Aug 22 2007 Published by under Uncategorized

In yet another moment guaranteed to make you wonder if there's been a mass defection of writers from the Daily Show to the White House, President Bush is expected to argue later today that the war in Iraq is, in fact, very similar to the war in Vietnam. Before you drop to the ground in shock, I should probably add that this does not appear to indicate in any way, shape, or form that the White House has suddenly discovered the appeal of reality. The comparison with Vietnam is apt, according to White House-released excerpts from a speech that the president will deliver later, because we shouldn't have pulled out of Vietnam, and we shouldn't pull out of Iraq, either:

The president will also make the argument that withdrawing from Vietnam emboldened today's terrorists by compromising U.S. credibility, citing a quote from al Qaeda leader Osama bin Laden that the American people would rise against the Iraq war the same way they rose against the war in Vietnam, according to the excerpts.
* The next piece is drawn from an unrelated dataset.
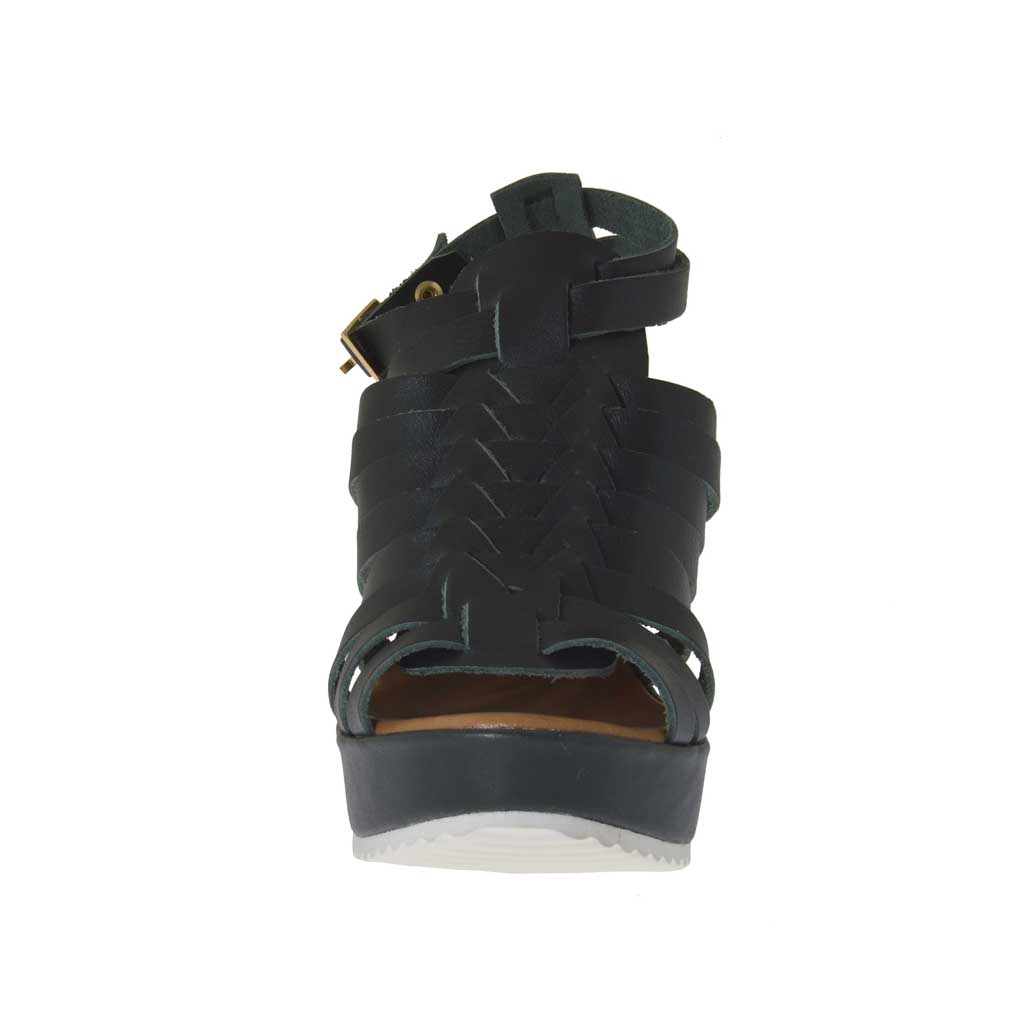 Sandalia para mujer con plataforma y cinturones entrelazados en piel verde oscuro cuña 9 - Tallas disponibles:  42

"Here at home, some can argue our withdrawal from Vietnam carried no price to American credibility, but the terrorists see things differently," Bush will say.

You know what? The man's got a point. If we don't continue to hold our hand in a blender for no good reason now, why on earth would our enemies believe that we'll hold our hand in a blender for no good reason sometime in the future? We'd better make sure that we don't pull away from the spinning blades, because we want the bad guys to know that they will never, ever be able to get us to pull our hand out until we want to pull our hand out. That is absolutely a good enough reason for shoving the bloody stump farther and farther into the blades.